Switch Statements and CPU Machine Code

CS 301 Lecture, Dr. Lawlor

Here's a table-driven cat:

const int commands[]={
	0, /* sleeps */
	1, /* meow */
	1,
	2,73, /* eats */
	0, /* sleep */
	9 /* exit */
};

int foo(void) {
	int index=0;
	while (true) {
		switch (commands[index]) {
		case 0: std::cout<<"sleep\n"; break;
		case 1: std::cout<<"meow\n"; break;
		case 2: /* need a parameter so we know what to eat */
			{
				index++; /* skip over the 2 */
				int what=commands[index];
				std::cout<<"eat "<<what<<"\n"; 
				break;
			}
		case 9: return 0;
		default: std::cout<<"Unrecognized cat-cmd! cmd="<<commands[index]<<"\n";
		}
		index++;
	}
}

(Try this in NetRun now!)

The only interesting thing happening here is the "eat" case: this command needs a parameter, so we put the parameter right in the array of commands.

CPU Machine Code

The CPU is not a cat. So as you might expect, running the above command table on the CPU just crashes horribly:

const char commands[]={
	0, /* sleeps */
	1, /* meow */
	1,
	2,73, /* eats */
	0, /* sleep */
	9 /* exit */
};
int foo(void) {
	typedef int (*fnptr)(void); // pointer to a function returning an int
	fnptr f=(fnptr)commands; // typecast the command array to a function
	return f(); // call the new function!
}

(Try this in NetRun now!)

(Don't worry about the hideous C++ syntax for function pointer stuff.)

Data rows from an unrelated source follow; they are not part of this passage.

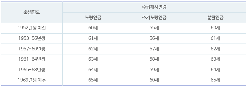 → 1969년생 이후 출생자 : 노령연금은 65세부터 받을 수 있으며, 조기노령연금은 60세부터 수령 가능합니다.
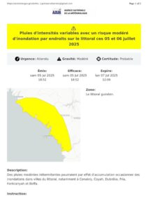 L’Agence Nationale de la Météorologie (ANM) lance une alerte pour les 5 et 6 juillet sur le littoral guinéen.
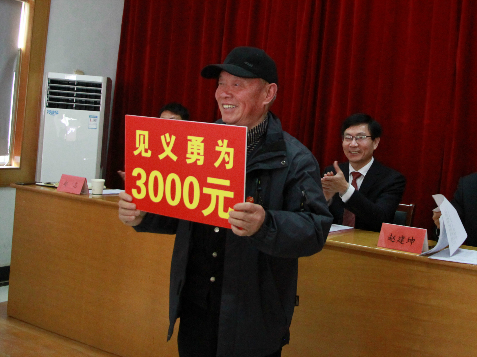 3月6日,宝应湖农场有限公司党群工作会议上掌声雷鸣,农场公司见义勇为英雄朱寿成手捧奖状、奖金,接受了大家的礼遇。
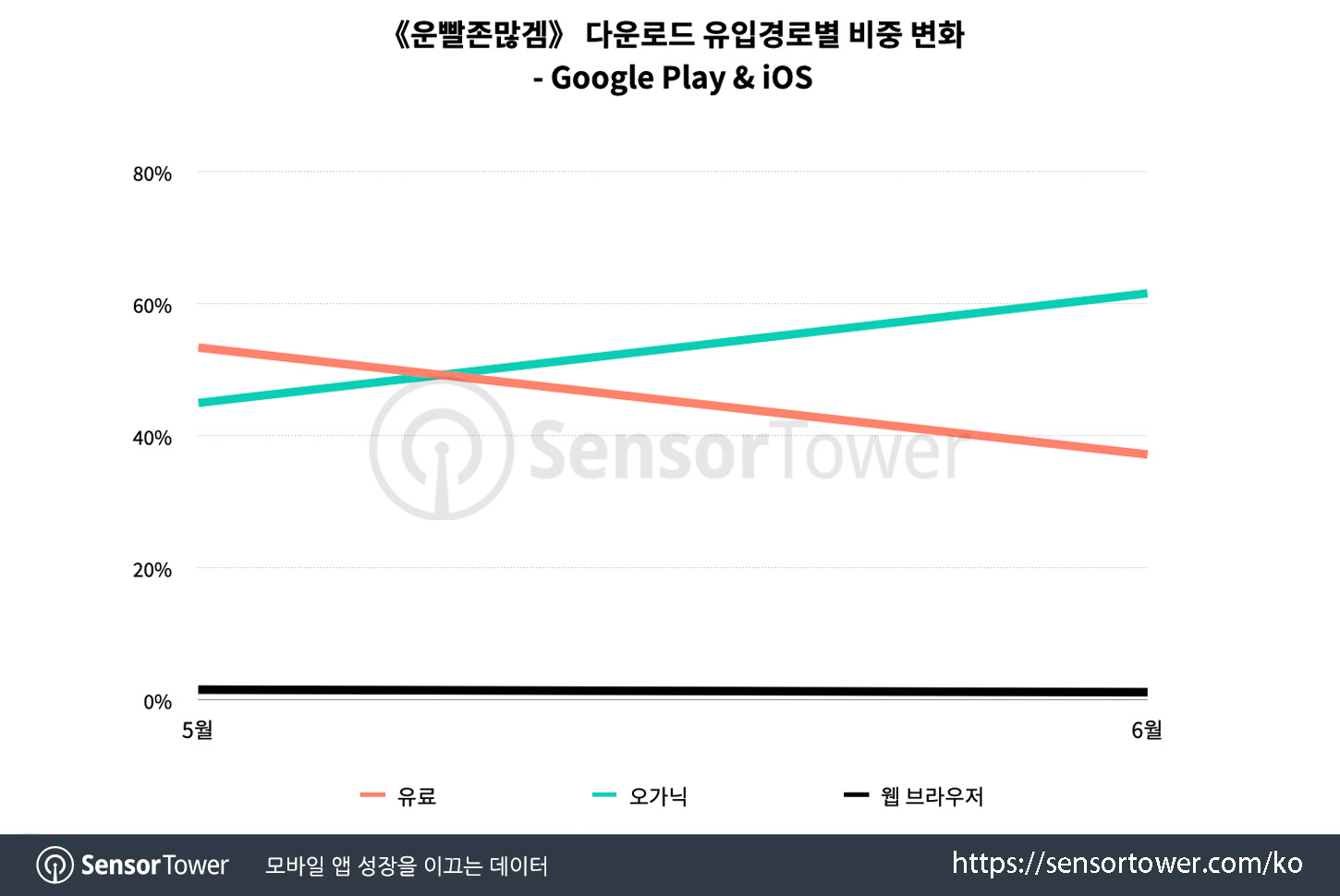 센서타워 다운로드 유입경로에 따르면, 출시 초기 《운빨존많겜》의 다운로드는 유료 채널을 통해 이뤄졌습니다. 하지만, 시간이 지나면서 오가닉 다운로드가 유료를 넘어서는 양상을 보였는데요.
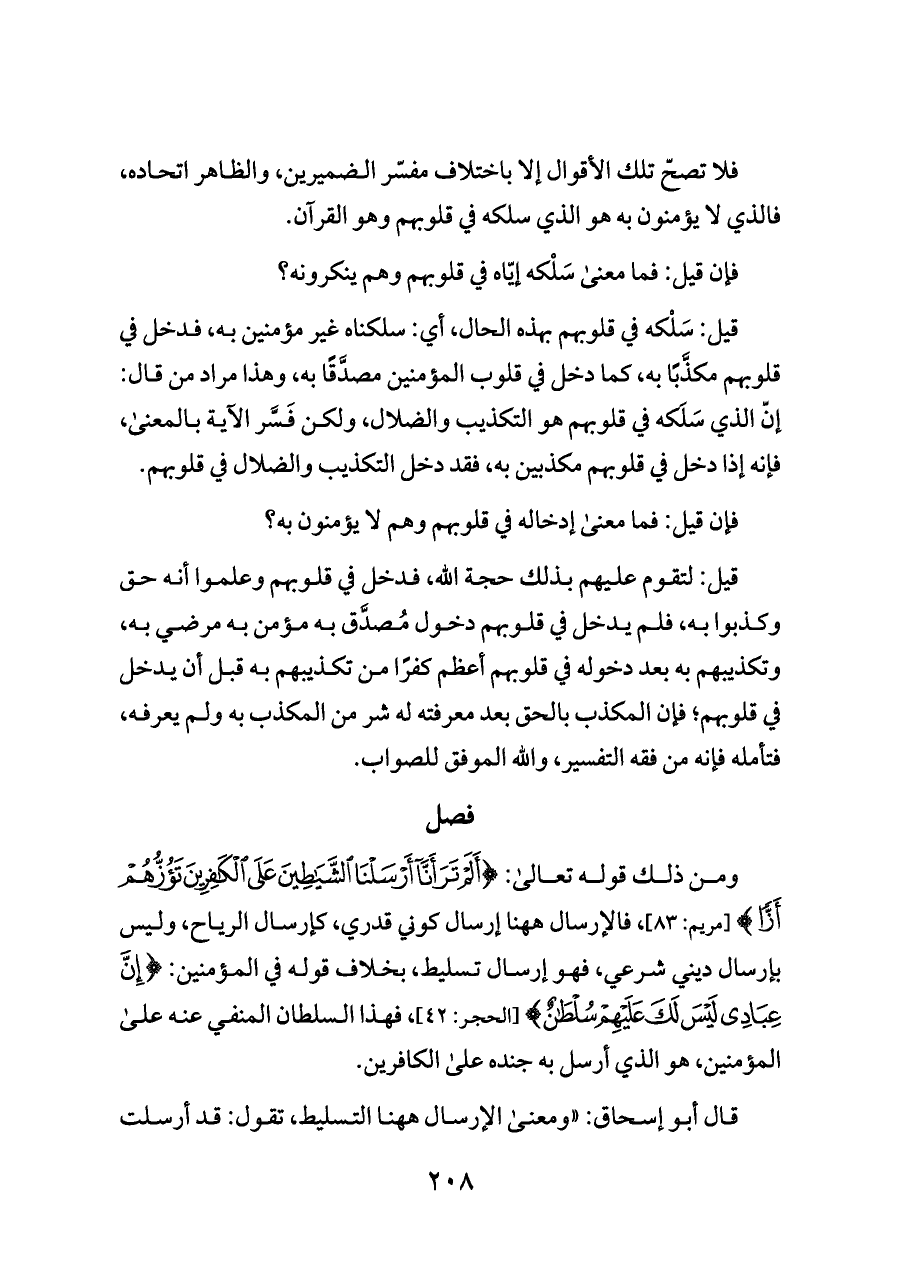 ومن ذلك قوله تعالى: {أَلَمْ تَرَ أَنَّا أَرْسَلْنَا الشَّيَاطِينَ عَلَى الْكَافِرِينَ تَؤُزُّهُمْ أَزًّا} [مريم: ٨٣]، فالإرسال ههنا إرسال كوني قدري، كإرسال الرياح، وليس بإرسال ديني شرعي، فهو إرسال تسليط، بخلاف قوله في المؤمنين: {إِنَّ عِبَادِي لَيْسَ لَكَ عَلَيْهِمْ سُلْطَانٌ} [الحجر: ٤٢]، فهذا السلطان المنفي عنه على المؤمنين، هو الذي أرسل به جنده على الكافرين.
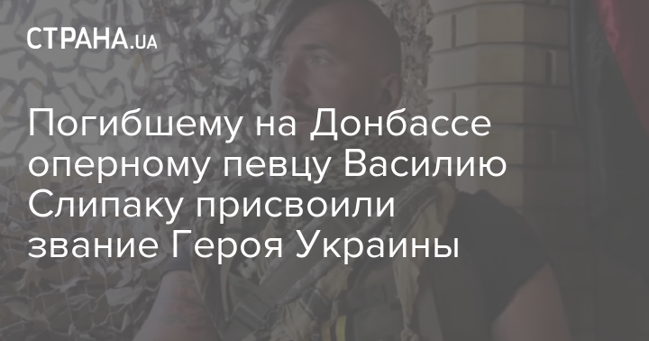Президент Петр Порошенко присвоил звание Героя Украины украинскому оперному певцу, волонтеру, участнику Революции достоинства и боевых действий на Донбассе Василию Слипаку. Об этом говорится в указе главы государства №42/2017 от 20 февраля.
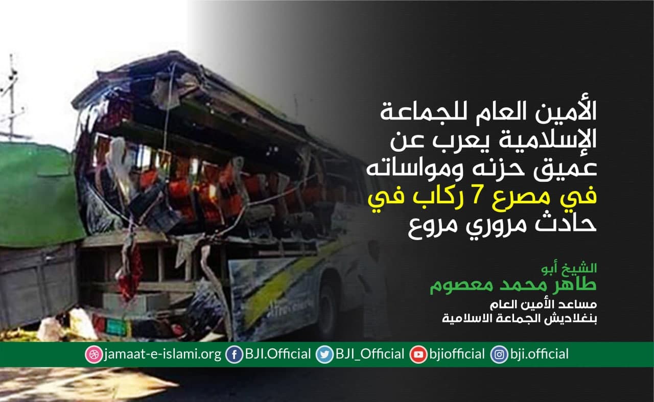 الأمين العام للجماعة الإسلامية يعرب عن عميق حزنه ومواساته في مصرع 7 ركاب في حادث مروري مروع
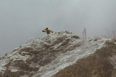 Keywords: nature animal pet dog mountain rock stone looking top above granite mammal canine fur outdoors alone

However, the CPU is a table-driven machine, only it uses different values for commands: for example, the byte "0xc3" tells an x86 CPU to return from the current function. The byte "0xb0" is followed by a one-byte parameter to load up for return. So this works!

const char commands[]={
	0xb0,73, /* load a value to return */
	0xc3 /* return from the current function */
};
int foo(void) {
	typedef int (*fnptr)(void); // pointer to a function returning an int
	fnptr f=(fnptr)commands; // typecast the command array to a function
	return f(); // call the new function!
}

(Try this in NetRun now!)

These raw byte commands that the CPU executes are called "machine code". "assembly language" is just a human-readable translation of machine code. An "assembler", like NASM, reads assembly language and writes executable machine code. A "disassembler", like PE Explorer or IDA Pro (for Windows), or objdump (for Linux or Mac OS X), reads an executable and writes assembly language.

If you just want to look at the machine code inside a function, you can just do some pointer typecasting and start printing bytes of machine code:

int bar(void) { /* some random function: we look at bar's machine code below! */
	return 17;
}

int foo(void) {
	const unsigned char *data=(unsigned char *)(&bar);
	for (int i=0;i<10;i++) /* print out the bytes of the bar function */
		std::cout<<"0x"<<std::hex<<(int)data[i]<<"\n";
	return 0;
}

(Try this in NetRun now!)

We'll be learning about assembly language and machine code for the rest of the semester!